**Activity**. Output, word for word, the line that contains "Featuring Striking Blue" and all lines following it to the end of the listing. Drop the pictures.

Top of Data below

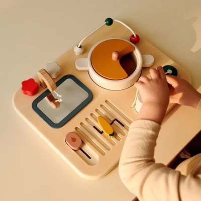 Little chefs can stir, shake, and sizzle their way through imaginative play with the Magnus Wooden Busy Board. Crafted from durable beech wood and MDF, this sensory activity board is perfect for curious toddlers, combining fun with skill-building. From spinning pot lids and moving carrots on the grill to rattling salt and pepper shakers, every detail sparks curiosity and encourages the development of fine motor skills. The playful mirror sink and turnable knobs add an extra touch of hands-on exploration, making mealtime playtime even more magical. Perfect for toddlers 18 months and older, this activity board brings endless sensory fun while inspiring little imaginations.
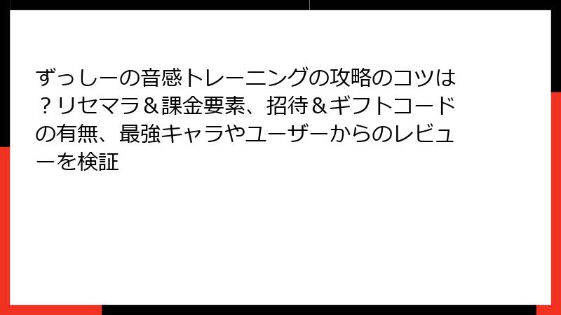 前回の攻略ガイドで大人気の「ずっしーの音感トレーニング」。今回はソシャゲ好きユーザーからのリクエストで、リセマラの有無や最強キャラ・カードについて深掘り!このアプリは純粋な音感鍛錬ゲームなので、ガチャ要素ゼロですが、それでも「最強」な進め方やおすすめ要素を徹底解説。リセマラ不要で即スタート可能、音感革命を加速させましょう!
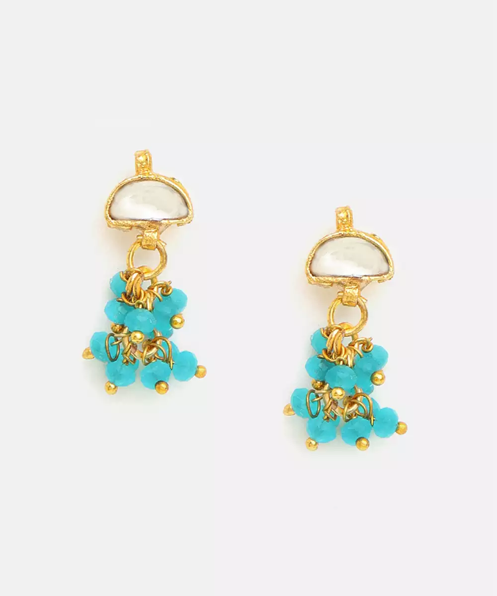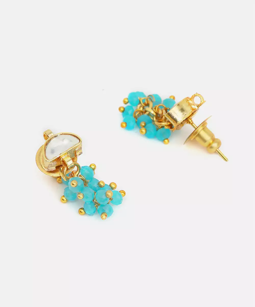 Featuring Striking Blue Stones, These Gold Plated Kundan Earrings Bring A Cool, Royal Vibe To Ethnic Attire. Crafted With Intricate Detailing, They Enhance Facial Features And Bridal Looks Gracefully. Perfect For Weddings And Festive Occasions, They Pair Beautifully With Lehengas And Sarees, Adding Sophistication And Cultural Elegance.
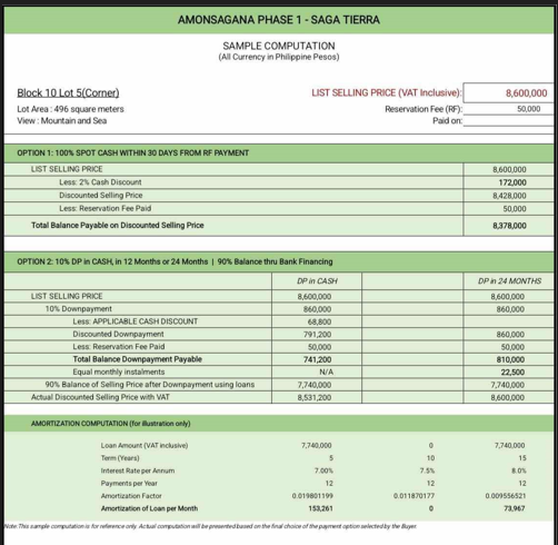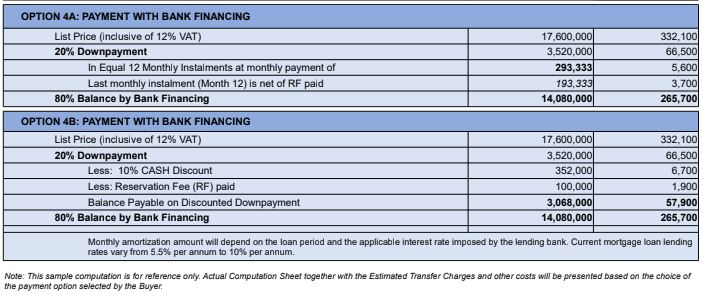 * Reservation Fee to be off-set only against the last installment payment of down payment.

Bottom of Data below

**Output of the exercise**.
 Featuring Striking Blue Stones, These Gold Plated Kundan Earrings Bring A Cool, Royal Vibe To Ethnic Attire. Crafted With Intricate Detailing, They Enhance Facial Features And Bridal Looks Gracefully. Perfect For Weddings And Festive Occasions, They Pair Beautifully With Lehengas And Sarees, Adding Sophistication And Cultural Elegance.
 * Reservation Fee to be off-set only against the last installment payment of down payment.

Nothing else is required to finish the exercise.